# "AMD Processor model unknown" Question



## Mr.Magee (Apr 6, 2006)

I just recently upgraded to the 6400+, (see specs above) and now my computer doesn't recognize the CPU, just says "AMD Processor model unknown?" Is this saying I need to upgrade my BIOS??

As of now everything is running normal, so if its not a big deal I'd rather stay away from the BIOS upgrade (if thats the problem). As I've heard many things can go wrong in that department. Thanks in advance!!


----------



## Mr.Magee (Apr 6, 2006)

Also, can upgrading the BIOS improve performance??


----------



## crjdriver (Jan 2, 2001)

You need bios 1202 in order to support that cpu.

FWIW I never use the asus update app that runs in windows. I use either the update app that is part of the bios [if used on your board] OR update from a floppy.


----------



## Mr.Magee (Apr 6, 2006)

So your saying that I NEED to update my BIOS? I'd really rather not if it is not absolutely necessary. I also don't have a floppy drive, and I'll have to check on updating from the BIOS itself. Thanks crjdriver!


----------



## crjdriver (Jan 2, 2001)

Well I looked again and that is a beta bios so there is NO release bios that supports your cpu. It is up to you if you want to use a beta bios.

You can update your bios by using the ez flash built into the bios. During post, you hit the ALT>F2 keys and it starts the update process. Read your manual and it gives detailed instructions on how to do this task.


----------



## crjdriver (Jan 2, 2001)

It is up to you. Do you want the cpu supported or not? If you do, then you need to update the bios. As I posted, that is NOT a release bios, it is a beta bios.

BTW read your manual. Many boards that have ez flash will allow you to use a usb drive for the update file.


----------



## crjdriver (Jan 2, 2001)

Here is a link to the cpu support page at asus.

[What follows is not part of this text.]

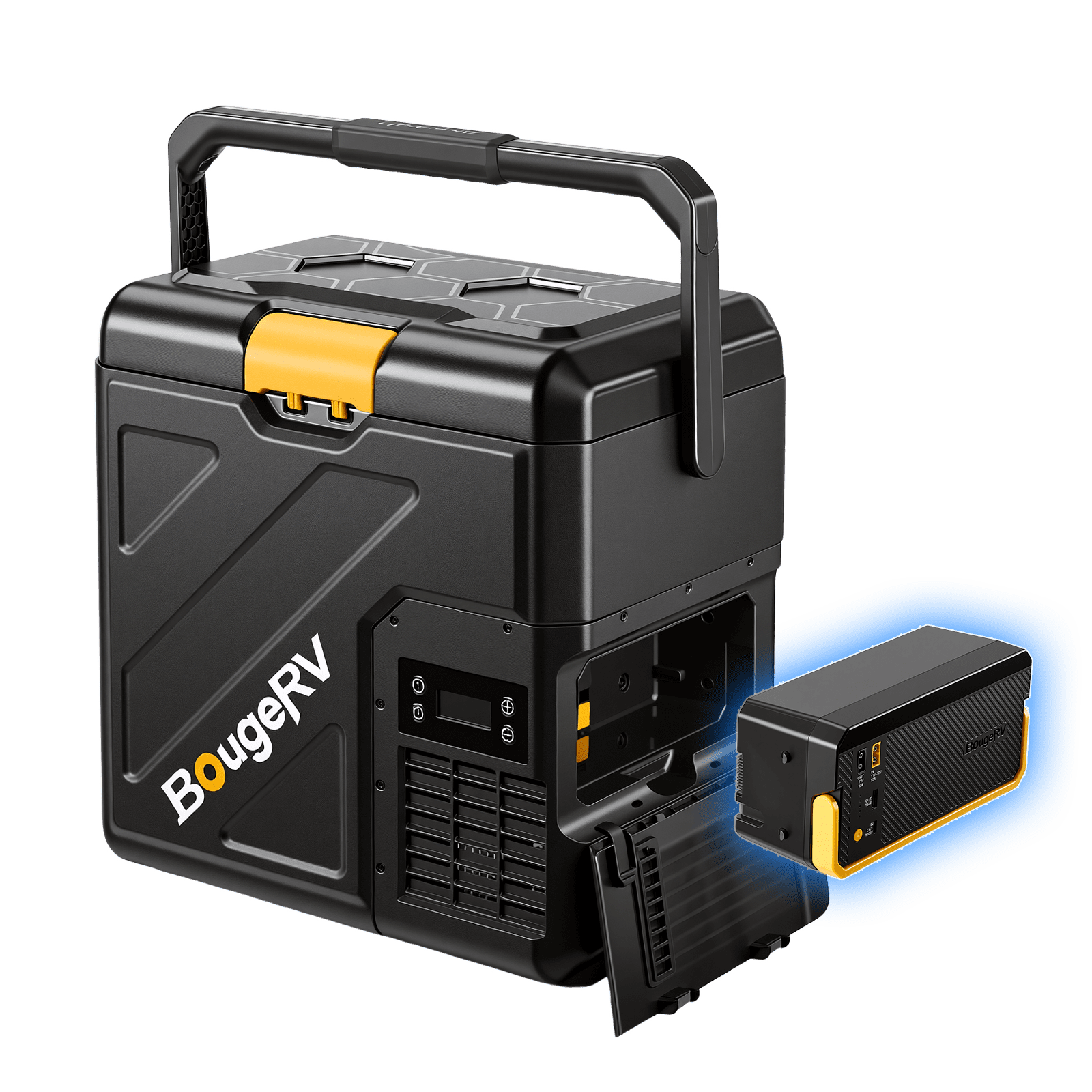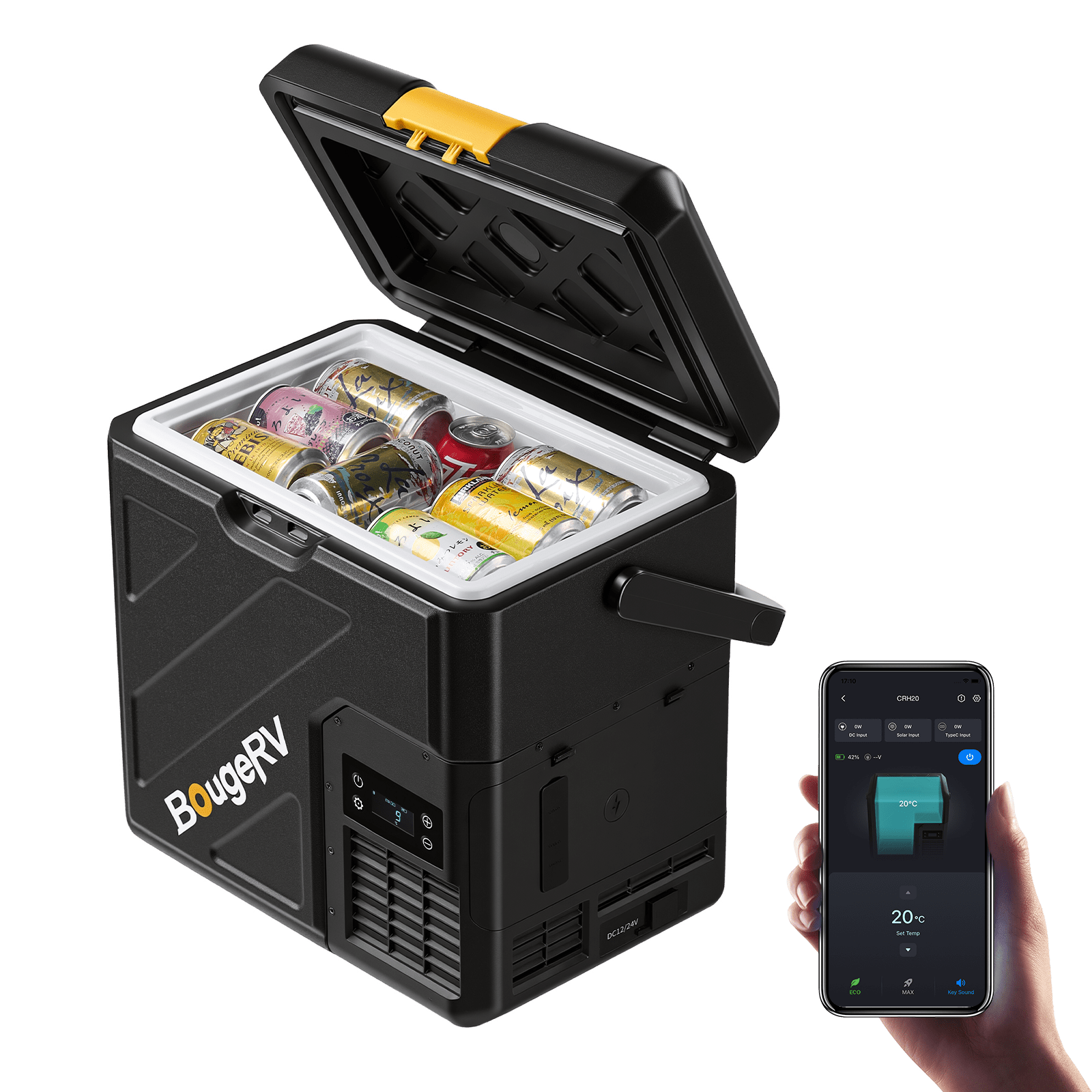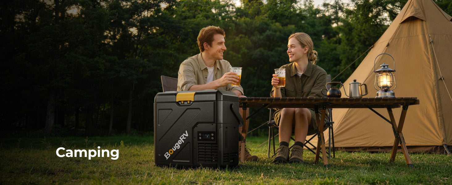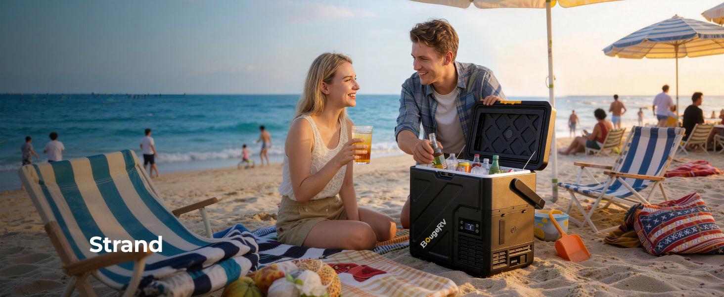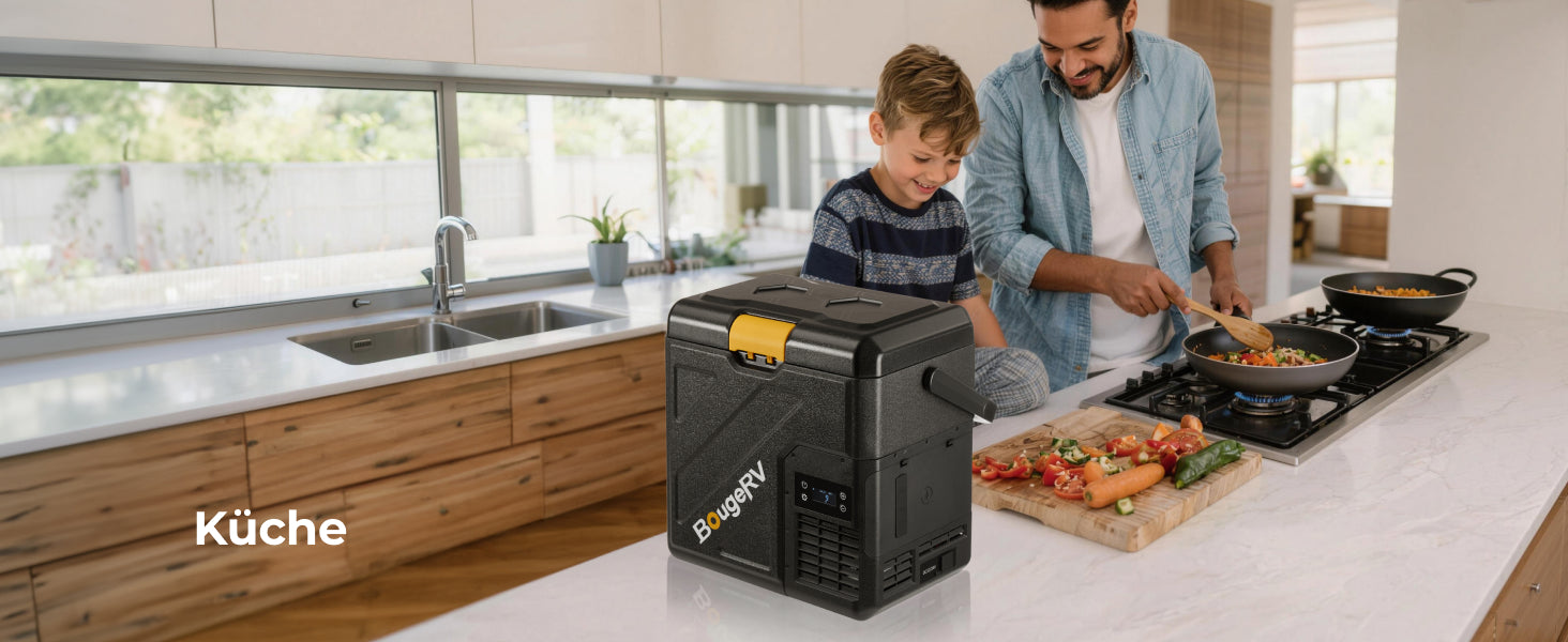 Versorgen Sie sich auf jeder Reise mit dem batteriebetriebenen Minikühlschrank von BougeRV, der für echte Unabhängigkeit vom Stromnetz entwickelt wurde. Mit einer Kühlleistung von bis zu -20 °C hält er Ihre Lebensmittel frisch und Ihre Getränke eiskalt, wohin auch immer die Reise Sie führt. Der herausnehmbare Akku mit hoher Kapazität bietet eine Laufzeit von bis zu 8,5 Tagen, sodass Sie nicht ständig an eine Steckdose angeschlossen sein müssen. Dieser robuste, tragbare und für Auto, Camping, Outdoor-Reisen und Abenteuer im Freien konzipierte batteriebetriebene Minikühlschrank verwandelt jede Reise in eine voll ausgestattete mobile Küche.

You can see what bios is required. It does not list it as a beta bios there however when you go to the download page, it does say it is a beta bios.
CPU support link


----------



## Mr.Magee (Apr 6, 2006)

Sounds good, I'll post an update when I figure out what I'm going to do. Thanks!


----------



## Mr.Magee (Apr 6, 2006)

Bad news after updating BIOS, I'm getting a BSOD stating DRIVER IRQL NOT LESS OR EQUAL. Any ideas???


----------



## Mr.Magee (Apr 6, 2006)

I googled the bsod error message, but before i do anything major, i was wondering if changing the RAM speed in the BIOS could affect things?? After I updated my BIOS I went in to reconfig and changed the RAM config from "AUTO" to "DDR2800" would this cause the DRIVER_IRQL_NOT_LESS_OR_EQUAL message??


----------



## crjdriver (Jan 2, 2001)

Yes, it would. Put the ram back to where it is supposed to be. Next if you had set any vdimm [ram voltage] other than stock, you need to set that again as well.

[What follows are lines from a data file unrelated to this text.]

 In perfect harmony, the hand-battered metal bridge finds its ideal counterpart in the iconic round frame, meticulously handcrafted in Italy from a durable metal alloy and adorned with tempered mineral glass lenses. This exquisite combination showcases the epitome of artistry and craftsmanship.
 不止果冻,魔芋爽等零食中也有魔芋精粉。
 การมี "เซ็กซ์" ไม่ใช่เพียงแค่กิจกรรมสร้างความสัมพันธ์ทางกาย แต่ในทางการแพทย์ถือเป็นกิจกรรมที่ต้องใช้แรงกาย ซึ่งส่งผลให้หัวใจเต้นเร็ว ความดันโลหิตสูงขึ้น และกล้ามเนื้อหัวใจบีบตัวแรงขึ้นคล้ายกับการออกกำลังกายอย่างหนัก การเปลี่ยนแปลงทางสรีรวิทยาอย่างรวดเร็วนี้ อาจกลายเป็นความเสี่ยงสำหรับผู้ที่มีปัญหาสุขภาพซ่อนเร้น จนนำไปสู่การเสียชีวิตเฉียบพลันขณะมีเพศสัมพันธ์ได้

Remember this is a beta bios and NOT a release bios. It may well have problems; that is why it is beta. You are now a beta tester.


----------



## Mr.Magee (Apr 6, 2006)

Yeah, I set it back to "auto" and haven't seen the screen since. The update was actually fairly simply with the EZ update in the bios. I just downloaded the update file and put into onto a flash drive, and loaded from there. I went with bios version 1202, and the mobo sees the cpu correctly. Hopefully I won't have anymore problems, but if I do I'll let you know. Thanks for all the help though crjdriver! :up::up:


----------



## crjdriver (Jan 2, 2001)

Yes, it is pretty easy. One thing ez bios or asus update will NOT let you do now is downgrade to an earlier bios. When there is a release bios that supports that cpu, I would flash to the release bios rather than have a beta or test bios.

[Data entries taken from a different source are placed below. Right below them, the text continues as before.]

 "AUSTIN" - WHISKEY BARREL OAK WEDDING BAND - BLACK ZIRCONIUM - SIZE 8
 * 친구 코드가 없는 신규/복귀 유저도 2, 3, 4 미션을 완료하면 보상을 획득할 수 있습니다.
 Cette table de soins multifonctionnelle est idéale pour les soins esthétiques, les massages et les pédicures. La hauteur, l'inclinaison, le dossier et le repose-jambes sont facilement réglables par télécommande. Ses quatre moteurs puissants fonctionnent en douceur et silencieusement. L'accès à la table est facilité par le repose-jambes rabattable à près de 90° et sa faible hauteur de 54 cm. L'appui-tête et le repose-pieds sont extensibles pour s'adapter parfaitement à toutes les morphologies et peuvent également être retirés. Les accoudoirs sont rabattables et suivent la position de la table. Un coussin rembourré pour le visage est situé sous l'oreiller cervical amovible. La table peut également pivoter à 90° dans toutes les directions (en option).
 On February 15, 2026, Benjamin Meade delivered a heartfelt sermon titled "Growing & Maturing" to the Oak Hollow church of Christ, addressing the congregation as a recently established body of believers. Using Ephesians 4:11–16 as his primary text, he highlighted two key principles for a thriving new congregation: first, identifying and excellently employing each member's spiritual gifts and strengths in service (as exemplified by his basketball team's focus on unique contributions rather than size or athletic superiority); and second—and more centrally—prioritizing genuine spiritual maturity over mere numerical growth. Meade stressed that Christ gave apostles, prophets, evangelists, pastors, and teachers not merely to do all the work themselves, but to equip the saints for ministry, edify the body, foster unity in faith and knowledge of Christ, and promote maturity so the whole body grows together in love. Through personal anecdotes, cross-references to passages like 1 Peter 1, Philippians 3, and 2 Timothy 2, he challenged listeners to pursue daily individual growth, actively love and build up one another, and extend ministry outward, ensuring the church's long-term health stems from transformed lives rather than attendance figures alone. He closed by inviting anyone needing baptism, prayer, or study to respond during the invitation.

If you ever do need to downgrade the bios, you must use the bootdisk method.


----------



## Mr.Magee (Apr 6, 2006)

Yeah, after changing that back and updating the drivers for my wireless desktop, I haven't had the bsod again. 

Yeah, I'm hoping the release version will be sometime soon. Another question, like you stated early, on one page it states version 1202 is beta, and on another it doesn't. Would it show up as "beta" during the POST??


----------



## crjdriver (Jan 2, 2001)

No, just the ver # ie 1202 or whatever. Asus often will release a beta bios with a long suffix number ie 1202.xxx however this one uses a standard number system.


----------



## Mr.Magee (Apr 6, 2006)

I've ran into another little issue, before the upgrade i did, which consisted of cpu, ram, psu, vga cooler.......when i would put my comp on standby the fans and everthing would turn off. Now with the upgrades and the new bios, the fans stay on while in standby and the computer also takes longer to turn on from standby mode. Any ideas on what could cause this? Or is there something you can adjust in the bios? Thanks!


----------



## crjdriver (Jan 2, 2001)

Probably a "feature" of the beta bios. You might read your manual and see what settings are available in power options however it will probably be fixed with a release bios.


----------



## crjdriver (Jan 2, 2001)

Also I would report it to asus. If they do not know about problems with their bios, they cannot fix them.


----------



## Mr.Magee (Apr 6, 2006)

Okay I got it figured out. In the BIOS under the power option, I had to switch it from S1&S3 to S3 only. Now she goes into stand by mode like normal, no fans, just silence and a blinking case led! Thanks!


----------